2) Learning : Limitation of using Asynchronous CodeBlock

5 min readMay 9, 2021

Background

Asynchronous Programming has gained huge attention from developer community to build client/server side Applications be it Vertx toolkit, Java script, NodeJS. As we continue to write new microservice based applications, usage of async programming will continue to goes up. Reason is simple. When we are breaking large complex application into microservices, more Network IO is needed be it Another microservice, Database in Cloud. We have to build application with minimum possible HW resources. This is possible when we write efficient code using Async constructs.
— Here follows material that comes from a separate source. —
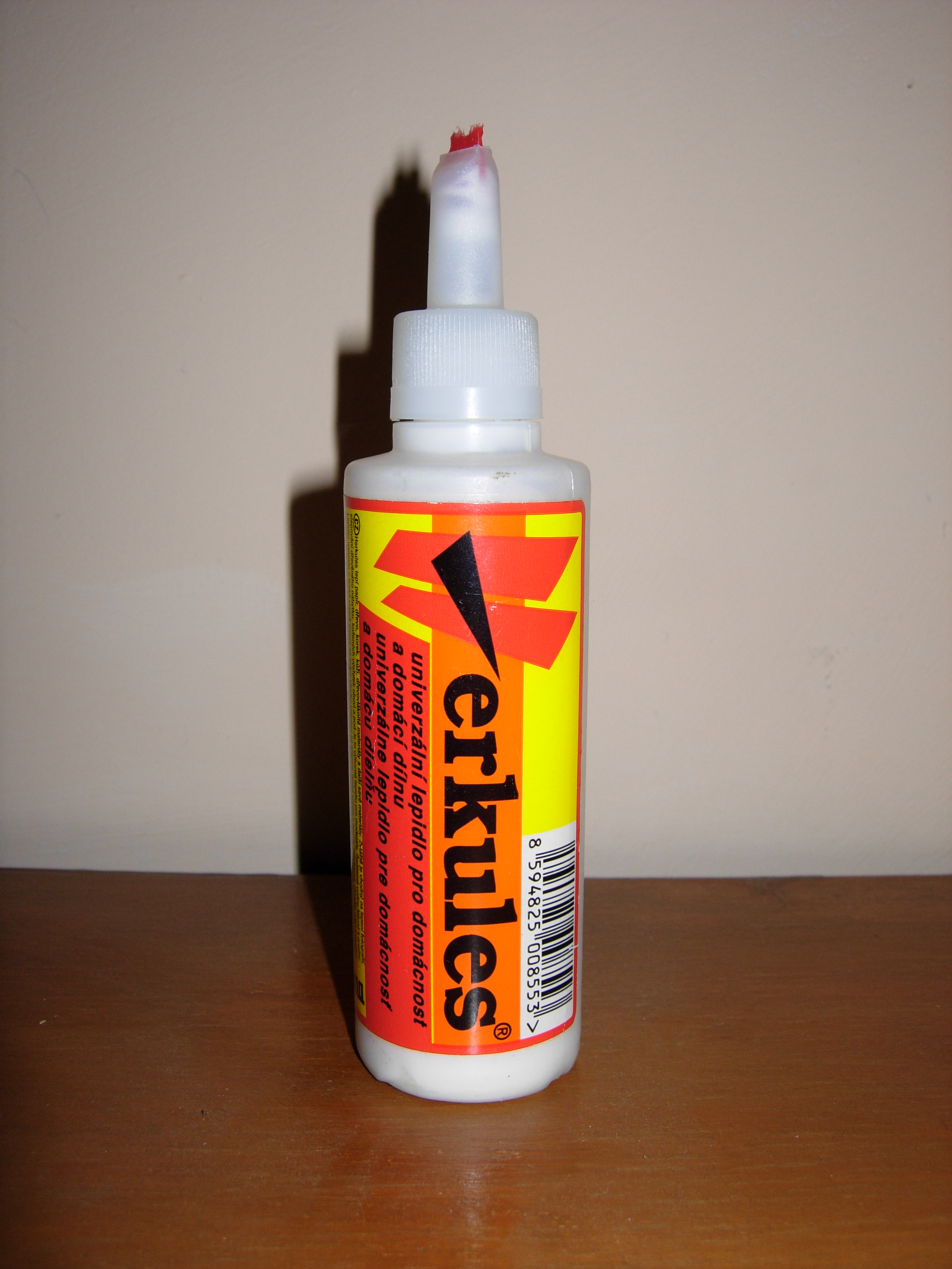 Herkules glue manufactured by Druchema.

Asynchronous constructs will solve Task T(current) by breaking them into smaller tasks T1, T2, T3. When another new Task T(new) consisting of subtasks T4, T5, T6 arrives in the system, async constructs may pick task T4 while task T1 is doing IO operation. This essentially eliminates the need to wait for IO wait completion for T1. This is how we avoid context switching, effective CPU cycles utilization & hence effective utilization of HW resources.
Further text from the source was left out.